Email messages have played a prominent role in several recent high-profile cases.

  • A sole email from an in-house attorney at Arthur Anderson advising a partner to edit an internal memo about Enron Corp.’s financial disclosure helped to convict the accounting firm of obstruction of justice.
  • Merrill Lynch Internet Analyst, Henry Blodget, apparently considered AtHome Corp. “crap” even while he was publicly advising clients to buy the shares.
  • Credit Suisse First Boston Investment Banker, Frank Quattrone, told his staff to destroy documents that were being sought by investigators.1
  • Bill Gates emailed his executive “Do we have a clear plan on what we want Apple to do to undermine Sun?”2

In addition, an email carries “metadata” which is embedded information about the author, the  creation date, the attachments and identities of all recipients, including those who received a cc or bcc. Word documents included as attachments will reveal how, when and by whom an electronic document was created, modified and transmitted.
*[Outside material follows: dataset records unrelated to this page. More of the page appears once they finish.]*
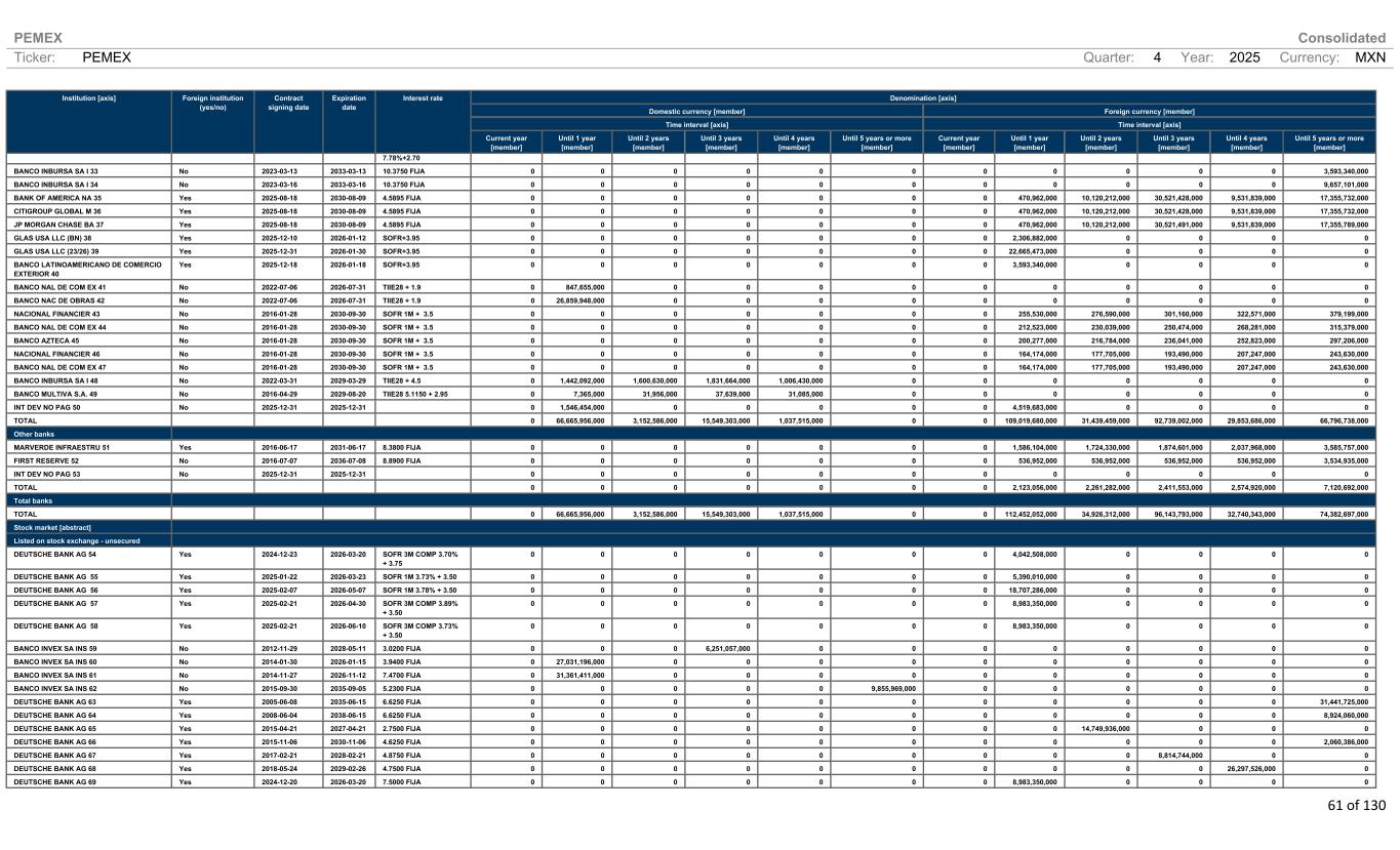 PEMEX Consolidated Ticker: PEMEX Quarter: 4 Year: 2025 Currency: MXN 61 of 130 Denomination [axis] Domestic currency [member] Foreign currency [member] Time interval [axis] Time interval [axis] Institution [axis] Foreign institution (yes/no) Contract signing date Expiration date Interest rate Current year [member] Until 1 year [member] Until 2 years [member] Until 3 years [member] Until 4 years [member] Until 5 years or more [member] Current year [member] Until 1 year [member] Until 2 years [member] Until 3 years [member] Until 4 years [member] Until 5 years or more [member] 7.78%+2.70 BANCO INBURSA SA I 33 No 2023-03-13 2033-03-13 10.3750 FIJA 0 0 0 0 0 0 0 0 0 0 0 3,593,340,000 BANCO INBURSA SA I 34 No 2023-03-16 2033-03-16 10.3750 FIJA 0 0 0 0 0 0 0 0 0 0 0 9,657,101,000 BANK OF AMERICA NA 35 Yes 2025-08-18 2030-08-09 4.5895 FIJA 0 0 0 0 0 0 0 470,962,000 10,120,212,000 30,521,428,000 9,531,839,000 17,355,732,000 CITIGROUP GLOBAL M 36 Yes 2025-08-18 2030-08-09 4.5895 FIJA 0 0 0 0 0 0 0 470,962,000 10,120,212,000 30,521,428,000 9,531,839,000 17,355,732,000 JP MORGAN CHASE BA 37 Yes 2025-08-18 2030-08-09 4.5895 FIJA 0 0 0 0 0 0 0 470,962,000 10,120,212,000 30,521,491,000 9,531,839,000 17,355,789,000 GLAS USA LLC (BN) 38 Yes 2025-12-10 2026-01-12 SOFR+3.95 0 0 0 0 0 0 0 2,306,882,000 0 0 0 0 GLAS USA LLC (23/26) 39 Yes 2025-12-31 2026-01-30 SOFR+3.95 0 0 0 0 0 0 0 22,665,473,000 0 0 0 0 BANCO LATINOAMERICANO DE COMERCIO EXTERIOR 40 Yes 2025-12-18 2026-01-18 SOFR+3.95 0 0 0 0 0 0 0 3,593,340,000 0 0 0 0 BANCO NAL DE COM EX 41 No 2022-07-06 2026-07-31 TIIE28 + 1.9 0 847,655,000 0 0 0 0 0 0 0 0 0 0 BANCO NAC DE OBRAS 42 No 2022-07-06 2026-07-31 TIIE28 + 1.9 0 26,859,948,000 0 0 0 0 0 0 0 0 0 0 NACIONAL FINANCIER 43 No 2016-01-28 2030-09-30 SOFR 1M + 3.5 0 0 0 0 0 0 0 255,530,000 276,590,000 301,160,000 322,571,000 379,199,000 BANCO NAL DE COM EX 44 No 2016-01-28 2030-09-30 SOFR 1M + 3.5 0 0 0 0 0 0 0 212,523,000 230,039,000 250,474,000 268,281,000 315,379,000 BANCO AZTECA 45 No 2016-01-28 2030-09-30 SOFR 1M + 3.5 0 0 0 0 0 0 0 200,277,000 216,784,000 236,041,000 252,823,000 297,206,000 NACIONAL FINANCIER 46 No 2016-01-28 2030-09-30 SOFR 1M + 3.5 0 0 0 0 0 0 0 164,174,000 177,705,000 193,490,000 207,247,000 243,630,000 BANCO NAL DE COM EX 47 No 2016-01-28 2030-09-30 SOFR 1M + 3.5 0 0 0 0 0 0 0 164,174,000 177,705,000 193,490,000 207,247,000 243,630,000 BANCO INBURSA SA I 48 No 2022-03-31 2029-03-29 TIIE28 + 4.5 0 1,442,092,000 1,600,630,000 1,831,664,000 1,006,430,000 0 0 0 0 0 0 0 BANCO MULTIVA S.A. 49 No 2016-04-29 2029-08-20 TIIE28 5.1150 + 2.95 0 7,365,000 31,956,000 37,639,000 31,085,000 0 0 0 0 0 0 0 INT DEV NO PAG 50 No 2025-12-31 2025-12-31 0 1,546,454,000 0 0 0 0 0 4,519,683,000 0 0 0 0 TOTAL 0 66,665,956,000 3,152,586,000 15,549,303,000 1,037,515,000 0 0 109,019,680,000 31,439,459,000 92,739,002,000 29,853,686,000 66,796,738,000 Other banks MARVERDE INFRAESTRU 51 Yes 2016-06-17 2031-06-17 8.3800 FIJA 0 0 0 0 0 0 0 1,586,104,000 1,724,330,000 1,874,601,000 2,037,968,000 3,585,757,000 FIRST RESERVE 52 No 2016-07-07 2036-07-08 8.8900 FIJA 0 0 0 0 0 0 0 536,952,000 536,952,000 536,952,000 536,952,000 3,534,935,000 INT DEV NO PAG 53 No 2025-12-31 2025-12-31 0 0 0 0 0 0 0 0 0 0 0 0 TOTAL 0 0 0 0 0 0 0 2,123,056,000 2,261,282,000 2,411,553,000 2,574,920,000 7,120,692,000 Total banks TOTAL 0 66,665,956,000 3,152,586,000 15,549,303,000 1,037,515,000 0 0 112,452,052,000 34,926,312,000 96,143,793,000 32,740,343,000 74,382,697,000 Stock market [abstract] Listed on stock exchange - unsecured DEUTSCHE BANK AG 54 Yes 2024-12-23 2026-03-20 SOFR 3M COMP 3.70% + 3.75 0 0 0 0 0 0 0 4,042,508,000 0 0 0 0 DEUTSCHE BANK AG 55 Yes 2025-01-22 2026-03-23 SOFR 1M 3.73% + 3.50 0 0 0 0 0 0 0 5,390,010,000 0 0 0 0 DEUTSCHE BANK AG 56 Yes 2025-02-07 2026-05-07 SOFR 1M 3.78% + 3.50 0 0 0 0 0 0 0 18,707,286,000 0 0 0 0 DEUTSCHE BANK AG 57 Yes 2025-02-21 2026-04-30 SOFR 3M COMP 3.89% + 3.50 0 0 0 0 0 0 0 8,983,350,000 0 0 0 0 DEUTSCHE BANK AG 58 Yes 2025-02-21 2026-06-10 SOFR 3M COMP 3.73% + 3.50 0 0 0 0 0 0 0 8,983,350,000 0 0 0 0 BANCO INVEX SA INS 59 No 2012-11-29 2028-05-11 3.0200 FIJA 0 0 0 6,251,057,000 0 0 0 0 0 0 0 0 BANCO INVEX SA INS 60 No 2014-01-30 2026-01-15 3.9400 FIJA 0 27,031,196,000 0 0 0 0 0 0 0 0 0 0 BANCO INVEX SA INS 61 No 2014-11-27 2026-11-12 7.4700 FIJA 0 31,361,411,000 0 0 0 0 0 0 0 0 0 0 BANCO INVEX SA INS 62 No 2015-09-30 2035-09-05 5.2300 FIJA 0 0 0 0 0 9,855,969,000 0 0 0 0 0 0 DEUTSCHE BANK AG 63 Yes 2005-06-08 2035-06-15 6.6250 FIJA 0 0 0 0 0 0 0 0 0 0 0 31,441,725,000 DEUTSCHE BANK AG 64 Yes 2008-06-04 2038-06-15 6.6250 FIJA 0 0 0 0 0 0 0 0 0 0 0 8,924,060,000 DEUTSCHE BANK AG 65 Yes 2015-04-21 2027-04-21 2.7500 FIJA 0 0 0 0 0 0 0 0 14,749,936,000 0 0 0 DEUTSCHE BANK AG 66 Yes 2015-11-06 2030-11-06 4.6250 FIJA 0 0 0 0 0 0 0 0 0 0 0 2,060,386,000 DEUTSCHE BANK AG 67 Yes 2017-02-21 2028-02-21 4.8750 FIJA 0 0 0 0 0 0 0 0 0 8,814,744,000 0 0 DEUTSCHE BANK AG 68 Yes 2018-05-24 2029-02-26 4.7500 FIJA 0 0 0 0 0 0 0 0 0 0 26,297,526,000 0 DEUTSCHE BANK AG 69 Yes 2024-12-20 2026-03-20 7.5000 FIJA 0 0 0 0 0 0 0 8,983,350,000 0 0 0 0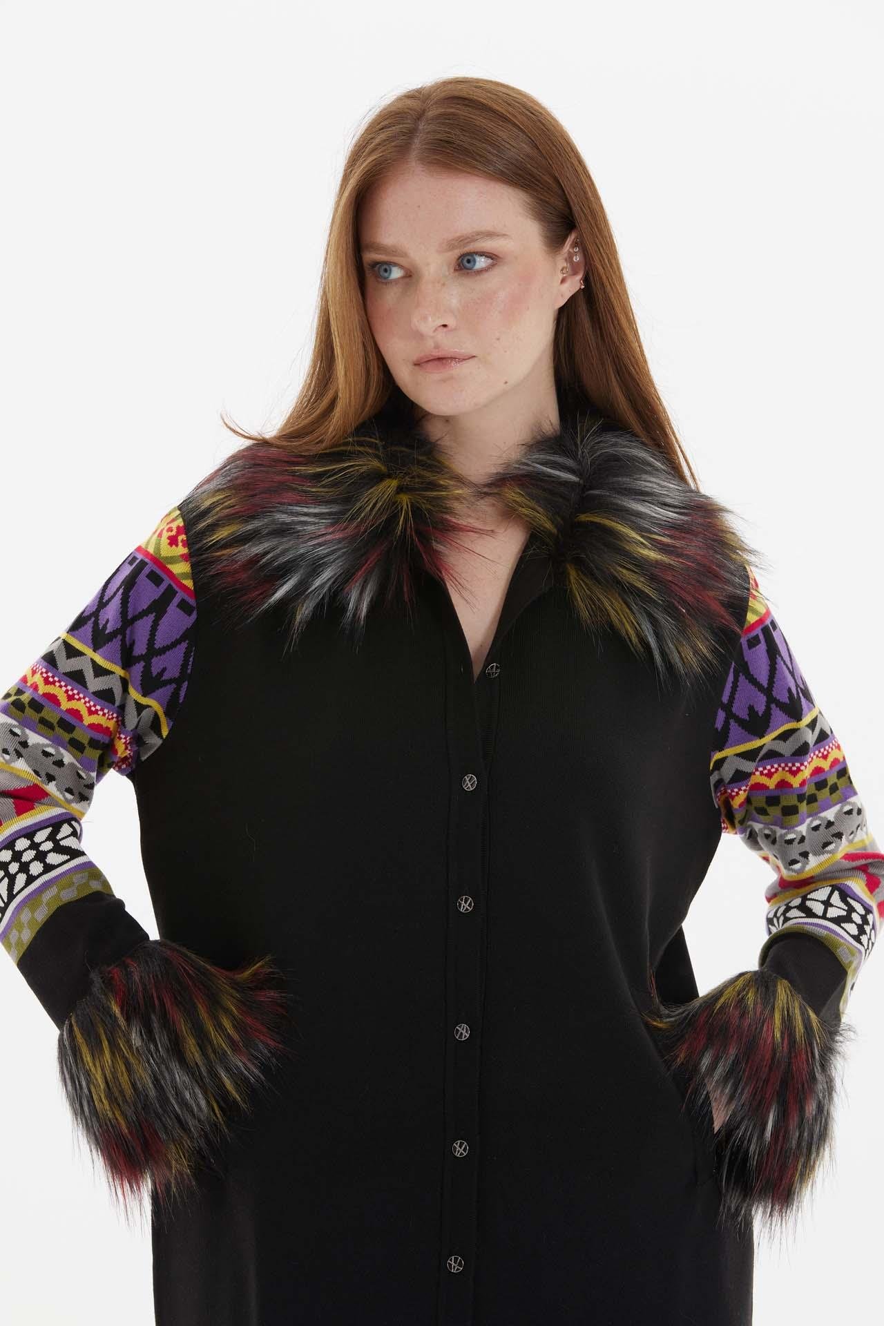 Kürk Detaylı Hırka SİYAH (K3THI22370)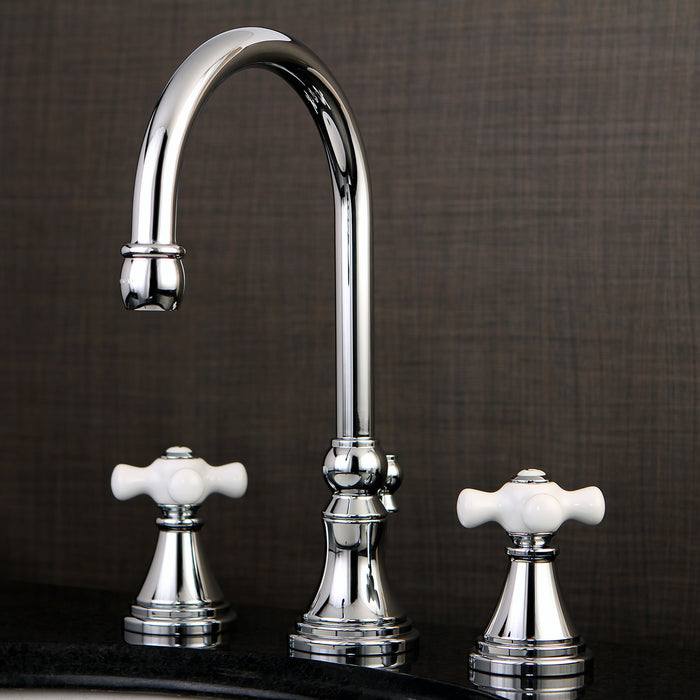 Kingston Tulare KS2981PX - Governor Two-Handle 3-Hole Deck Mount Widespread Bathroom Faucet with Brass Pop-Up, Polished Chrome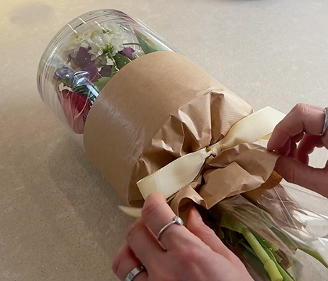 Fixieren Sie den Strauß mit einem Geschenkband, sodass alles gut zusammenhält.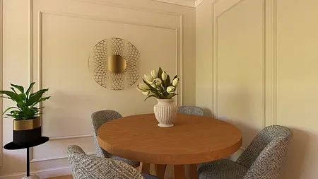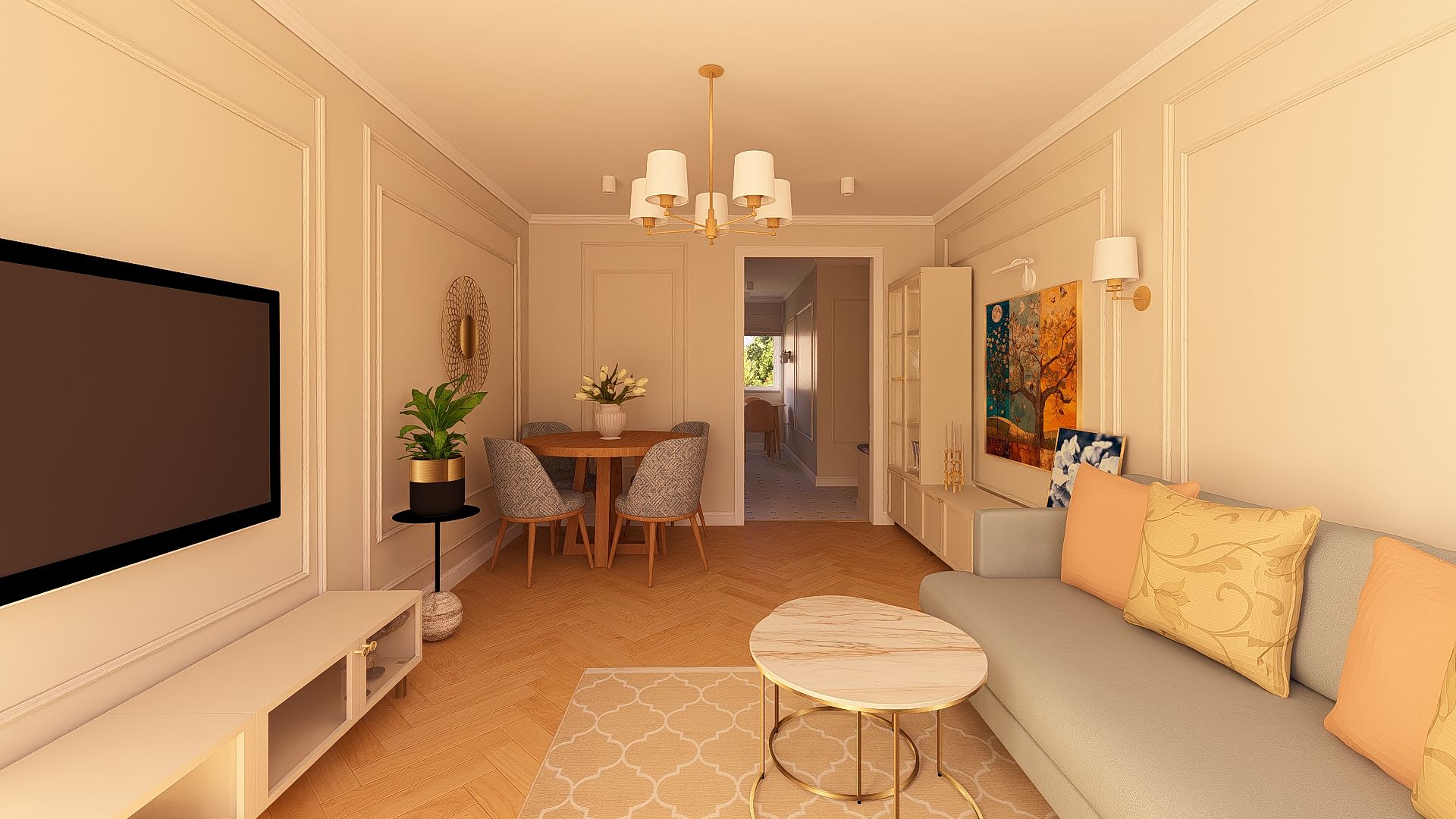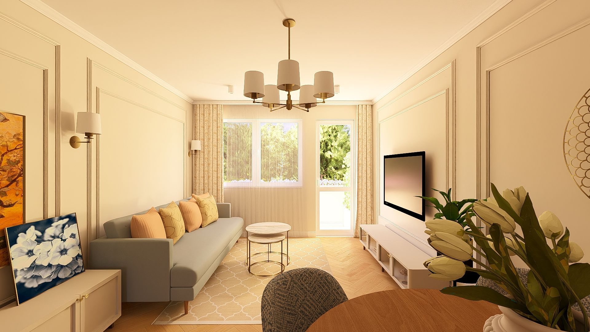 Przestrzeń mieszkania została zaaranżowana w eleganckim stylu, z nutką klasyki.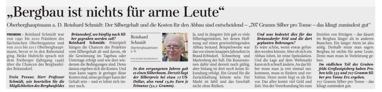 Kein Statement mehr, sondern von mir. Bohrbeginn 7. Juli. Gestern lagen die Ergebnisse vor. In 7 bis 10 Jahren könnte mit einem Bergwerk begonnen werden. Die Jungs sind super. Allerdings muß die Geschichte von Freiberg neu geschrieben werden. Bergbaubeginn im 11. Jahrhundert. Mit Mathe hat man es auch nicht so. 11. bis 19. Jahrhundert = 750 Jahre. Mit Wissenschaft, sie epithermal, auch nicht. Der Bergbau wurde ja auch nicht 1873 eingestellt (Deutschland hat auch keinen Silberstandart verlassen), sondern 1913. Das ist glaube ich 20. Jahrhundert. Ganz eingestellt wurde der Bergbau auch zu diesem Zeitpunkt nicht. 1937 wieder intensiviert und bis 1968 fortgeführt. Naja. Bergbau in der DDR, wen interessiert das schon. Ach so. Das Revier wurde nie mit modernen Methoden untersucht. Logisch. In der DDR hatte man ja von so etwas keine Ahnung. Wer trotzdem Interesse hat, sollte die Aktie jetzt kaufen. Ist gerade schön billig.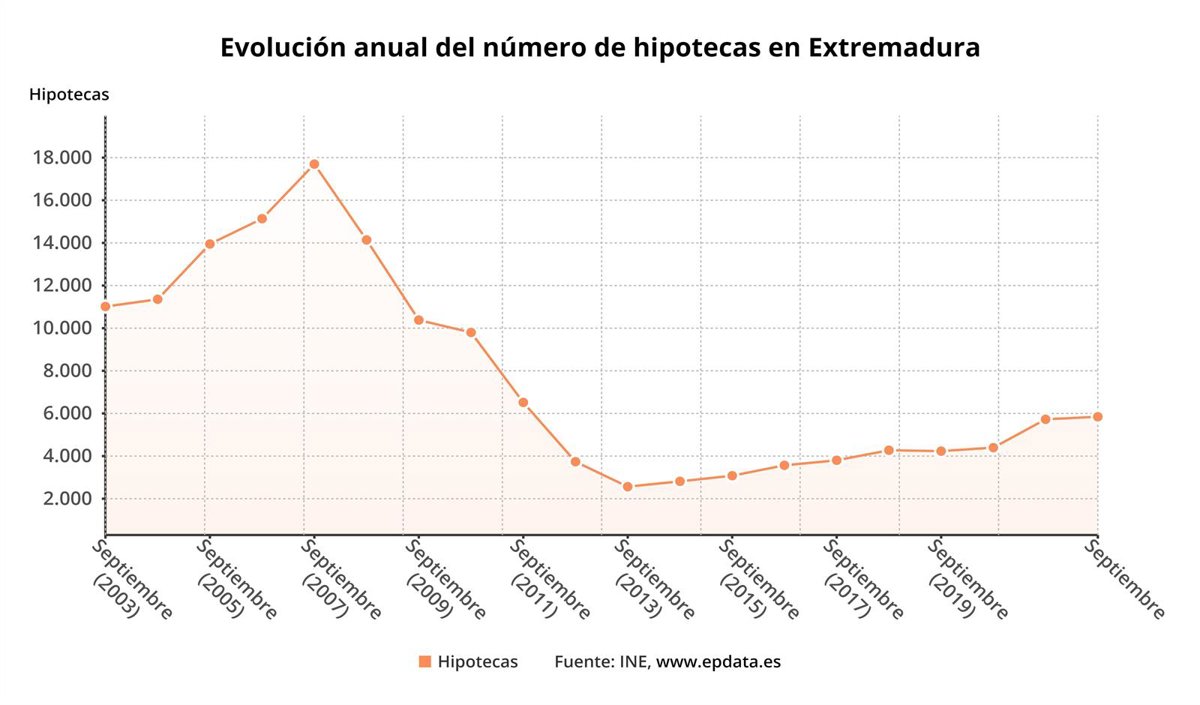 Evolución de la firma de hipotecas en Extremadura. - EPDATA

When parties exchange different versions of documents using  the “track change” function, these changes become part of the metadata. This embedded data is not apparent in the printed version of the document and could be critical in situations such as contract disputes which turn on the parties’ intent and their negotiations. An electronic version of a document may also provide evidence of document tampering.

Issues to Consider in Formulating Corporate Email Policies

In formulating an email policy that properly takes into account the above concerns, an  organization should be guided by several basic goals:

  1. Link the records management goals of the organization to its risk management objectives. A comprehensive records management program must properly preserve corporate information thereby enabling the organization to respond to regulatory and litigation obligations.
    • Define what records must be kept, where and how they are to be kept, and for what interval of time they are to be kept.
    • If employees are telecommuting, determine how much control the organization requires over electronic communication in order to ensure confidentiality and security where the equipment is maintained in the employee’s home.
    • Identify who has access to the records, and for what purposes, in order to establish the physical security of the records.
    • The architecture of the information systems used to store electronic records should take into account the need to maintain both privacy and security of the information. Certain records may require additional security protection in the form of encryption, passwords and PINs.
    • The architecture of any records management strategy must also take into account technology obsolescence. Careful attention should be paid to converting stored data into current formats as part of a system upgrade.
  2. Take steps to minimize the litigation risks arising from the improper or thoughtless use of corporate email. Employers have an interest in training employees and developing policies that assist employees to be careful with their words.
    • Educate employees on the pitfalls of casual email conversations – ask the question “Would you want a jury or a judge to read this?” before sending an email.
    • Educate employees about the myth that “delete” means permanent deletion.
    • Emails which are relevant and important records of contract negotiations or terms should be retained in an electronic form that maintains the relevant metadata.
    • Identify those emails that could be relevant to a civil claim brought by or against the organization. These emails should be retained in an electronic format even if printed out and stored in a secure, accessible location that ensures the organization will be in a position to meet any litigation disclosure obligations.
  3. Articulate a clear acceptable use policy for employees. Explain to employees the purposes for which email systems can and cannot be used. The consequences for breaching the policy must be unambiguous. A clear policy for discipline (reprimands to dismissal) should be set out if information is conveyed via company computers that is: confidential; defamatory of the company or a co-worker; constitutes harassment of or is degrading to co-workers; insubordinate or breaches an employee’s obligation of loyalty and fidelity; damaging to the company’s reputation.
    • Ensure that employees are aware of restrictions with respect to use of any licenses or copyright material.
    • Develop clear policies allowing the employer random monitoring of email technology to prevent employees from overusing their computers for personal use, gambling, surfing and messaging.
    • Try to ensure that supervisory employees don’t overuse the email system. Criticism or discipline is still better implemented in person, in a private setting.
    • Make sure all employees with access to confidential information understand their obligation to prevent inappropriate disclosure of that information.
    • Develop policies that promote the use of language that enhances the reputation and public image of the business.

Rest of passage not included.